[−][src]Module no_proto::schema

Schemas are JSON used to declare the shape of buffer objects

No Proto Schemas are JSON objects that describe how the data in a buffer is stored and what types of data is stored. Schemas are required to create buffers and each buffer is a descendant of the schema that created it.

Buffers are forever related to the schema that created them, buffers created from a given schema can only later be decoded, edited or compacted by that same schema.

Schemas are validated and sanity checked upon creation. You cannot pass an invalid schema into a factory constructor and build/parse buffers with it.

Properties that are not part of the schema are ignored.

If you're familiar with Typescript, schemas can be described by this recursive interface:

interface NP_Schema {
    // table, string, bytes, etc
    type: string; 
     
    // used by string & bytes types
    size?: number;
     
    // used by decimal type, the number of decimal places every value has
    exp?: number;
     
    // used by tuple to indicite bytewise sorting of children
    sorted?: boolean;
     
    // used by list types
    of?: NP_Schema
     
    // used by map types
    value?: NP_Schema
 
    // used by tuple types
    values?: NP_Schema[]
 
    // used by table types
    columns?: [string, NP_Schema][]
 
    // used by option/enum types
    choices?: string[];
 
    // default value for this item
    default?: any;
}

Schemas can be as simple as a single scalar type, for example a perfectly valid schema for a buffer that contains only a string:

{
    "type": "string"
}

However, you will likely want to store more complicated objects, so that's easy to do as well.

{
    "type": "table",
    "columns": [
        ["userID",   {"type": "string"}], // userID column contains a string
        ["password", {"type": "string"}], // password column contains a string
        ["email",    {"type": "string"}], // email column contains a string
        ["age",      {"type": "u8"}]     // age column contains a Uint8 number (0 - 255)
    ]
}

There are multiple collection types, and they can be nested.

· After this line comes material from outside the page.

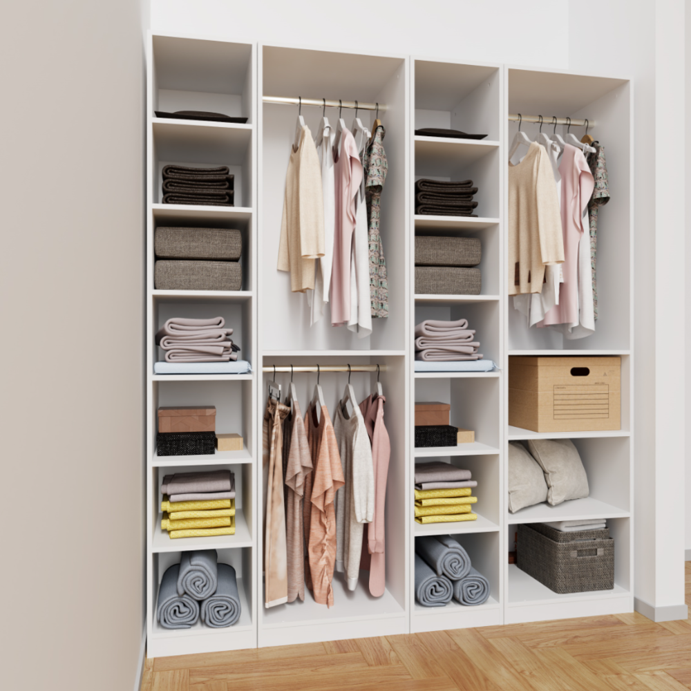 ✔️ גמישות מרבית – כל ארון בסדרה מגיע עם חלוקה פנימית שונה – לבגדים, נעליים, קופסאות או מגבות – ואתם יכולים לבחור ולשלב ביניהם לפי הצורך שלכם.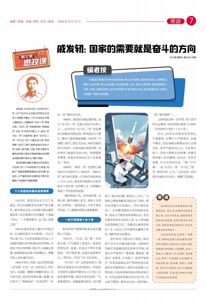 戚发轫:国家的需要就是奋斗的方向

For example, this is a list of tables. Every item in the list is a table with two columns: id and title. Both columns are a string type.

{
    "type": "list",
    "of": {
        "type": "table",
        "columns": [
            ["id",    {type: "string"}]
            ["title", {type: "string"}]
        ]
    }
}

You can nest collections as much and however you'd like. Nesting is only limited by the address space of the buffer, so go crazy.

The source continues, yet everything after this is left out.